Standard Chartered's earnings recovery to be delayed by COVID-19: S&P
The group’s target 10% RoTE will likely be delayed beyond 2021.
Standard Chartered Bank’s performance for the first half of 2020 will be dragged by the COVID-19 outbreak, as 40% of its operating income comes from its Greater China and North Asia (GCNA) segment, according to S&P Global Ratings.
Further, the group’s target of a 10% return on tangible equity (RoTE) will likely be delayed beyond 2021, S&P’s previous estimate.
The trade dispute and slowing China economy will also likely drag on the group’s RoTE. In 2019, StanChart’s RoTE stood at 6.4% compared with 5.1% in 2018.
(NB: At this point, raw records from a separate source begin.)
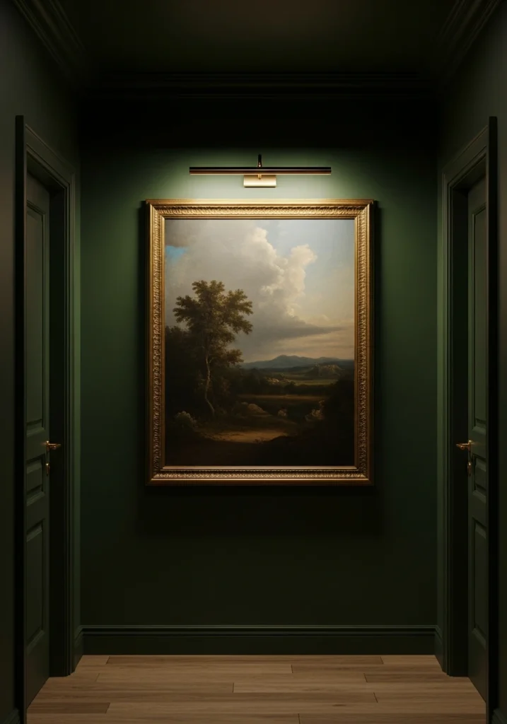 For a sophisticated dark academia or modern traditional 2026 makeover hang a large moody landscape painting or a classic portrait in your hallway. Then install a classic picture light (a long thin brass or black light) on the wall directly above it to give it a museum-quality feel.
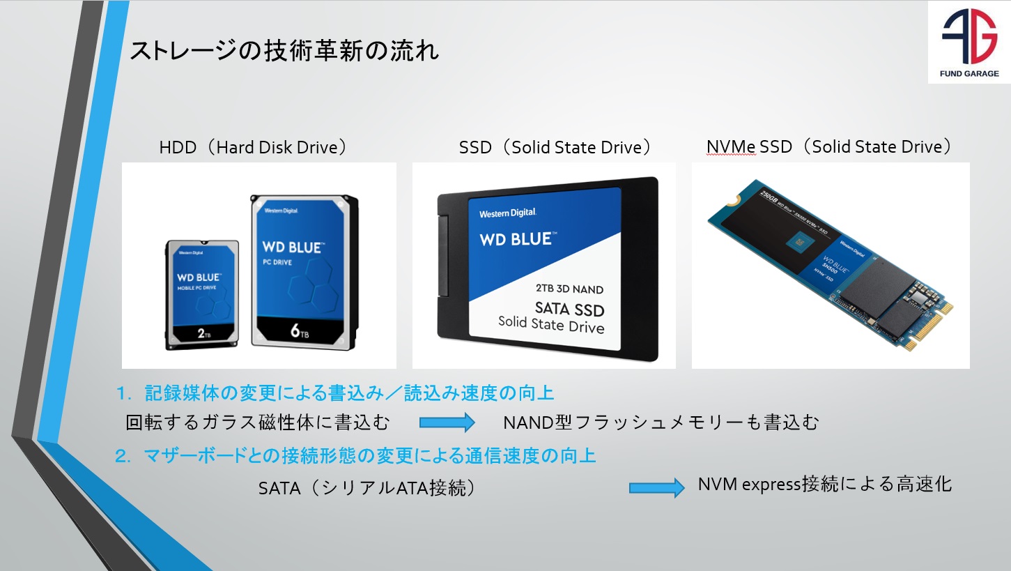 さて、この写真を見てご想像頂けるだろうが、円盤が回転して、針がデータの保存場所を探して、そして読書きをするというだけで、物理的にそのデータの取扱い速度、つまりどの位の時間で読み込んで来たり、書き込んだりできるかを想像すれば、きっとそんなに早くないだろうなということはお分かり頂けるだろう。それでも昔に比べれば随分と早くなったし、データの記録密度も格段に引き上げられたため、最新のウェスタン・デジタルが提供するHDDは1台の3.5インチHDDでなんと18TBものデータを収納する能力がある。
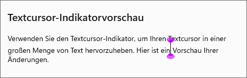 In der Kategorie Barrierefreiheit der Windows 11-App Einstellungen lässt sich der Textcursor auf der gleichnamigen Seite anpassen und über den einen Schieberegler in der Breite ändern. Noch sichtbarer wird der Cursor, wenn Sie den Textcursor-Indikator verwenden (Schieberegler Ein), den Sie in der Farbe und Größe ändern können. Die App zeigt Ihnen in einer Vorschau, wie der Cursor im Text aussehen wird:
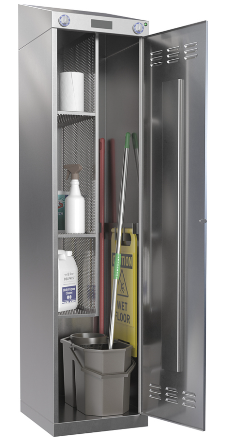 - В левой стороне корпуса расположены угловая полка для моющих средств, перчаток и прочего мелкого инвентаря
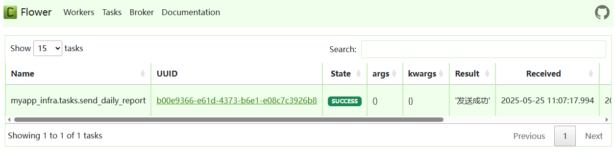 celery -A mysite flower --port=5555访问 http://<IP>:5555 查看Celery 图形监控
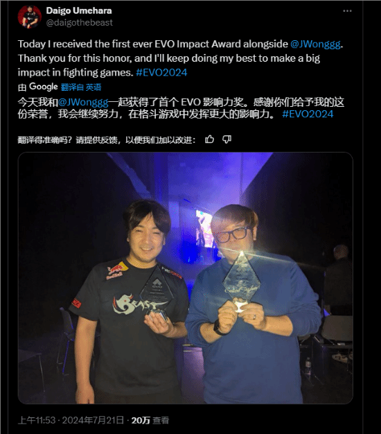 而梅原大吾也在自己的推特发文致谢:“感谢EVO官方给予的这份荣誉,我将继续努力,在格斗游戏中发挥更大的影响力。”Justin Wong也发推回应:“我简直不敢相信!”
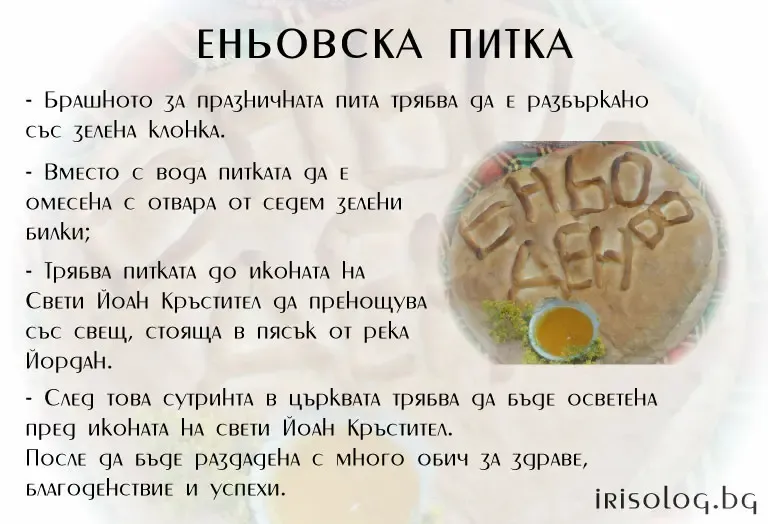 На Еньовден се прави Еньовска питка. Тя трябва да е приготвена:
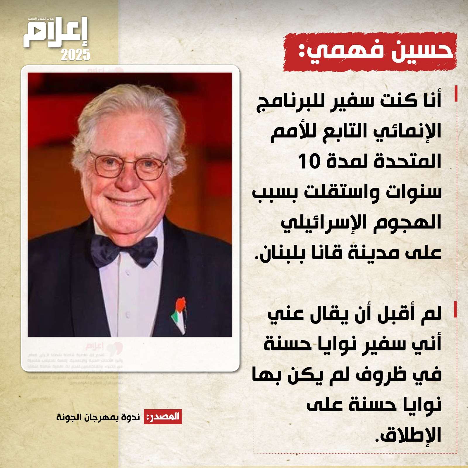قال "فهمي" خلال ندوة على هامش فعاليات مهرجان الجونة السينمائي في دورته الثامنة: "أنا كنت سفير للبرنامج الإنمائي التابع للأمم المتحدة لمدة 10 سنوات واستقلت بسبب الهجوم الإسرائيلي على مدينة قانا بلبنان".
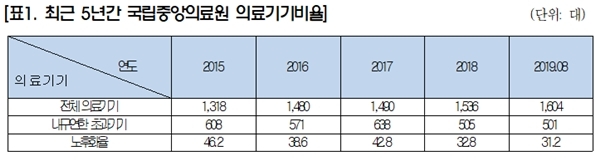 실제로 NMC가 보유한 의료기기 중 501대가 내구연한을 초과해 운영되고 있는 것으로 집계됐으며, 이는 현재 NMC가 보유한 의료기기 총 1604대 중 31.2%에 달하는 수치다.
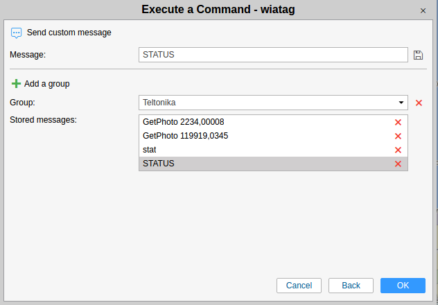 To avoid such a situation we implemented parameters grouping in custom message sending dialog in Wialon beta version. All you need is to create a group, select a target parameter and click on “Save” button to add it to the group.
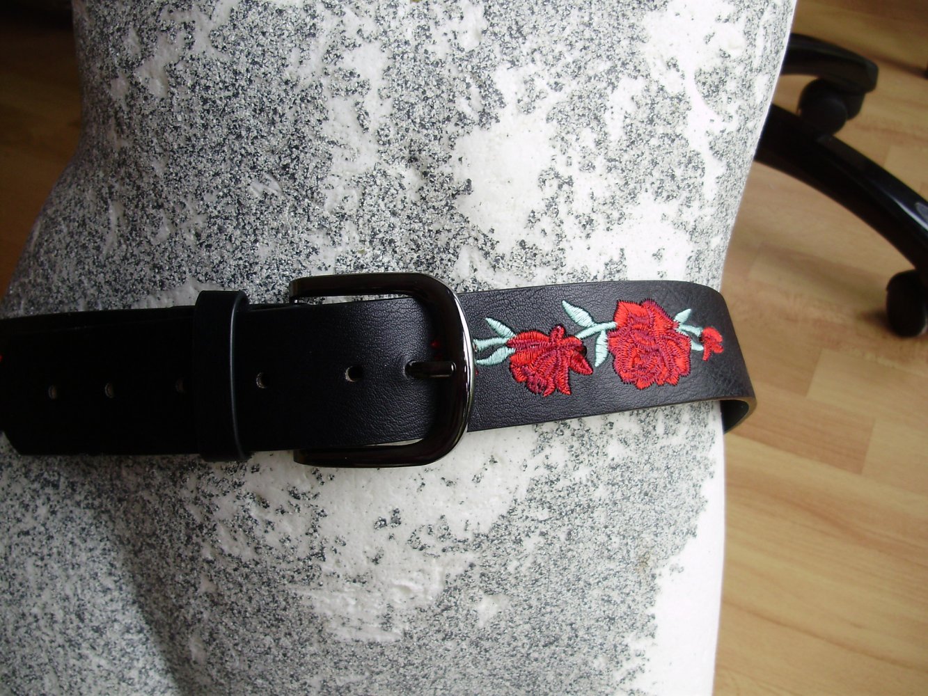 Gürtel schwarz Blüten rot Stickerei 100 cm NEU
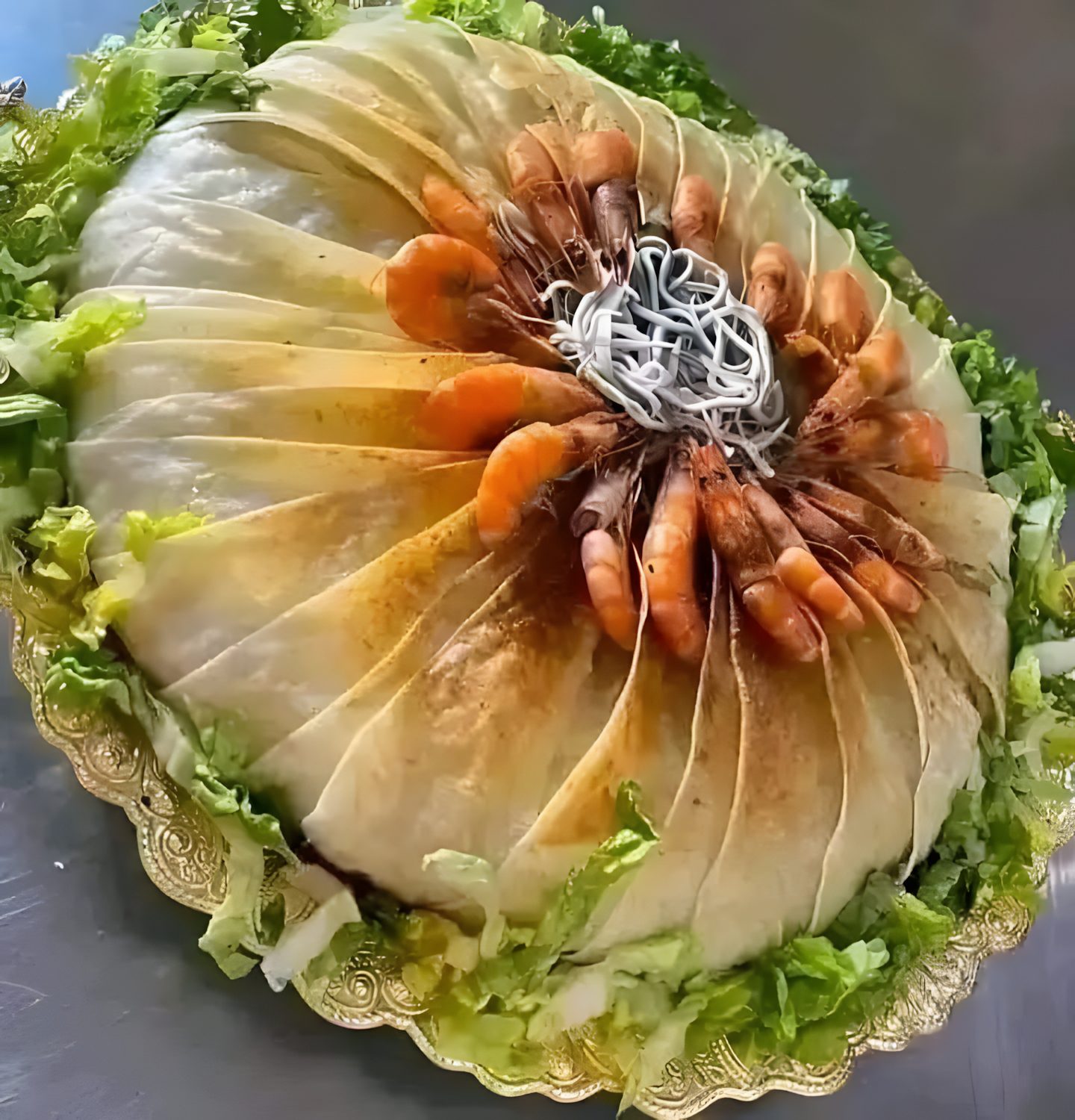Deze feestelijke zeevruchtenbastilla is een ware blikvanger op tafel! 🎉 Met zijn krokante filodeeg, romige en kruidige vulling van zeevruchten, en een verfijnde presentatie, is dit gerecht perfect voor speciale gelegenheden zoals bruiloften, Ramadan, Eid of een luxe familiediner.

S&P anticipates modest upward pressure in the group’s credit costs. However, the group’s controlled risk appetite and reduced loan concentration should help stabilise its business.
“The credit costs were 27 basis points (bps) for 2019, compared with 21 bps in 2018, reflecting mainly stage-1 and stage-2 loans impairment. About half of the impairment related to a deterioration in the macroeconomic assumptions, including a downward revision to Hong Kong GDP in the second half of 2019,” S&P stated.
“Many of Standard Chartered PLC's U.K. and European peers have already pushed back their RoTE targets due to an uncertain global economic outlook,” the report added.
Despite the near-term uncertainty, S&P noted that the GCNA region remains as the long-term growth engine for StanChart group. The company is seen as a beneficiary of China’s opening of its financial markets and its long-term economic growth prospects.
StanChart’s recently completed restructuring of its GCNA hub will also allow for more efficient use of capital and liquidity, as well as deliver an annual benefit of up to $300m in net interest income to the group by 2021, according to S&P. The restructuring saw its Korean, Taiwan, and Chinese subsidiaries be brought under its Hong Kong entity.
StanChart also has a strong capital which contributes to credit strength. The group's funding and liquidity profiles als reportedly remain robust, thanks to its retail banking franchise in many markets, concluded S&P. The ratio of reported loans to customer deposits has remained at about 64% as of 31 December 2019.